Stone Basin. The cleric of Umberlee used this basin as a scrying pool. Pipes built into its base fill the basin with seawater until it overflows. At the bottom of the basin, under 10 gallons of seawater, are two rusty iron keys. The keys unlock the chests in area 15.
Treasure. The smashed crates, the clay urns, and two of the rotting chests are empty. The third chest is unlocked and contains 120 sp and 70 cp in a moldy sack (tribute to Umberlee), two potions of healing in flasks made from hollowed-out sea urchins, a driftglobe, and a coral crown (250 gp).
Development. Killing the giant slug lays the spirit of Siburrath (see area 20) to rest.
The mountains are riddled with natural caves that have been taken over and expanded by geonids. Each lair is a small labyrinth of twisting tunnels and chambers inhabited by 2d6 geonids (see “Geonid”).
Each cave system is strewn with the bones of the geonids’ past meals (bats, rats, and lizards, mostly). There is a 30 percent chance that the geonids share their lair either with a flail snail (see Tomb of Annihilation or Volo’s Guide to Monsters) that doesn’t react kindly to intruders or a gluttonous xorn that demands gemstones for safe passage.
Geonids hide their treasure at the back of their lairs. A thorough search of the deepest cave uncovers 2d10 gp worth of stone jewelry and art objects (carved figurines, talismans, and the like), as well as 1d4 uncut gemstones worth 10 gp each. Each time the characters find such a hoard, there’s a cumulative 20 percent chance that the trove includes a 6-inch-tall obsidian figurine of a coiled serpent god (25 gp). Only one such relic can be found. A geonid stole it from the Shrine of Fangs, and its return completes a quest (see “Shrine of Fangs”).

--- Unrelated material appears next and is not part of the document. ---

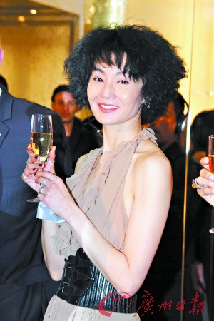 張曼玉前晚于上海為某國(guó)際品牌的新店剪彩,頭頂著爆炸頭現(xiàn)身的張曼玉,身著露背裝大展風(fēng)情,端著酒杯碰杯忙交際。當(dāng)日她的雙手還戴著十只戒指,十分引人注目,不過(guò)她就笑言建筑師男友Ole Scheeren要箍住自己并不需“十戒”!
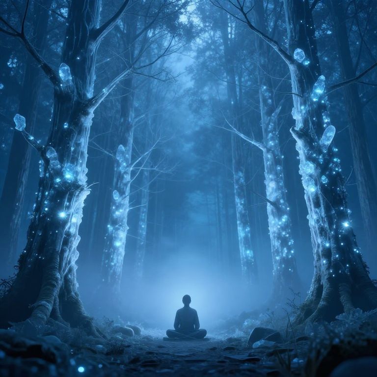 Eonsang meditating in a silent forest of crystalline trees that pulse with bioluminescent light, ambient sound effects implied, ethereal fog, and a dreamlike atmosphere in Dall-E inspired style.

Standing atop a rocky crag at the northernmost tip of the island, facing northwest, is a thirty-foot-tall stone statue of a turtle-like humanoid with a large stone horn held up to its mouth. Below the monument is a stretch of sandy beach covered with shells. Black, moss-covered rocks jut from the water like teeth worn down by time. Just beyond these “teeth” are several barnacle-covered shipwrecks.
The statue depicts a long-dead tortle named Gumdarr, who heard a ship crash on the rocks and stood atop the crag to get a better look. He blew a horn to lure other tortles to the beach, and together they fished out the survivors of the shipwreck.
Six ships have crashed here in the past one hundred years, including the ship that brought the cleric of Umberlee and her crew to the island. At high tide, three of the wrecks (the Bitch Queen, the Carcerius, and the Sea Mare) are submerged, while the others (the Dawn Avenger, the Dirty Dastard, and the Virago) are at least partially visible above the waterline. At low tide, all six wrecks are visible to some extent. Each shipwreck is described below.
A two-headed plesiosaurus prowls the water around the wrecks at high tide. The creature withdraws to the northern strait when the tide goes out. It has the statistics of a plesiosaurus, with these changes:
- The two-headed plesiosaurus has 100 hit points.
- It has advantage on Wisdom (Perception) checks and on saving throws against being blinded, charmed, deafened, frightened, stunned, or knocked unconscious.
- It can use its action to make two bite attacks, one with each head.
- It has a challenge rating of 4 (1,100 XP).
The Bitch Queen was a floating temple to the goddess Umberlee. When the ship capsized and was thrown onto the rocks during a storm almost a century ago, many of the crew were trapped in flooded cabins. The tortles who rescued them and pulled them ashore were smitten by the Bitch Queen’s human captain, who painted Umberlee in a more flattering light than she deserves. Eager to please the captain and her deity, the tortles looked after the survivors and built a palace for them on the mountainside overlooking the sea.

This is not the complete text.